__WHAT IS REQUIRED__: When you reach the line in the listing below that contains "Durch fachgerechte Reinigung", begin returning lines exactly as written, and stop after the line that contains "paraturen) sind auch". Return no other lines.

__DATA FOR REVIEW__:
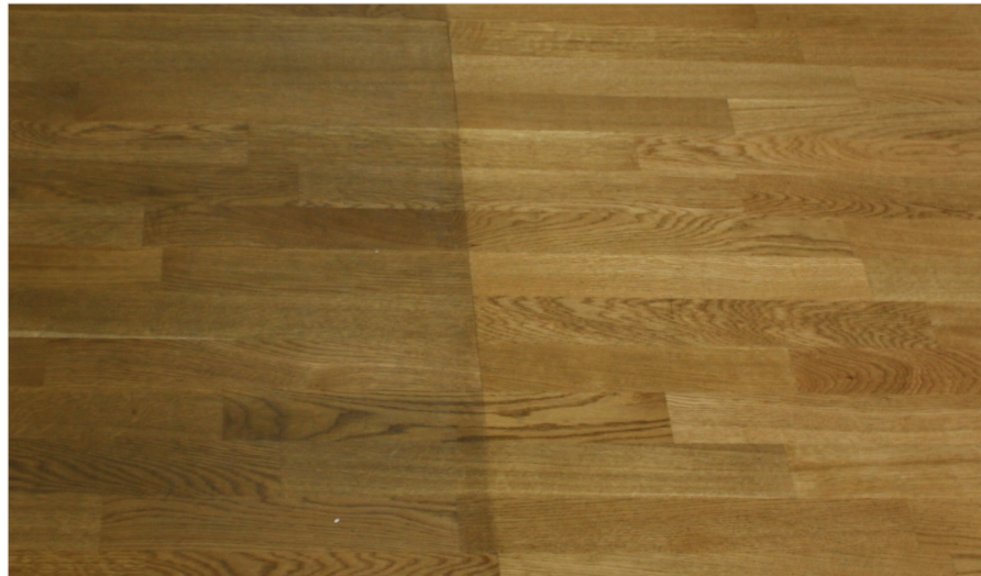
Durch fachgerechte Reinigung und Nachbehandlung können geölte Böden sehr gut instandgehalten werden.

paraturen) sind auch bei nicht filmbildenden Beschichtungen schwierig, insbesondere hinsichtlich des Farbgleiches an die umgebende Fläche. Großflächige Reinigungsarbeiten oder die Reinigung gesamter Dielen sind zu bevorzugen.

--

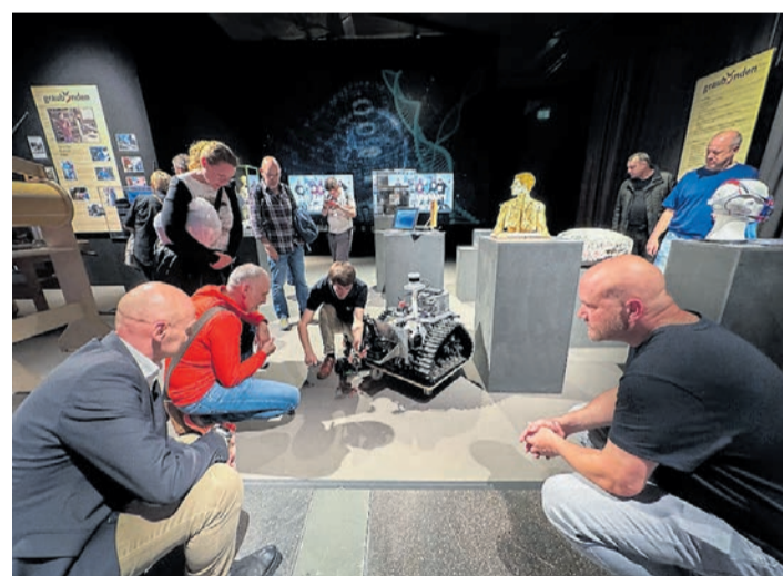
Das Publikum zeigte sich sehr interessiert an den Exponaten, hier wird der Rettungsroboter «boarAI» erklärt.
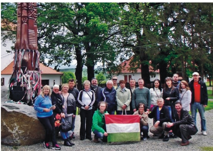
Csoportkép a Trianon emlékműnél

__SOLUTION TO THIS PROBLEM__:
Durch fachgerechte Reinigung und Nachbehandlung können geölte Böden sehr gut instandgehalten werden.

paraturen) sind auch bei nicht filmbildenden Beschichtungen schwierig, insbesondere hinsichtlich des Farbgleiches an die umgebende Fläche. Großflächige Reinigungsarbeiten oder die Reinigung gesamter Dielen sind zu bevorzugen.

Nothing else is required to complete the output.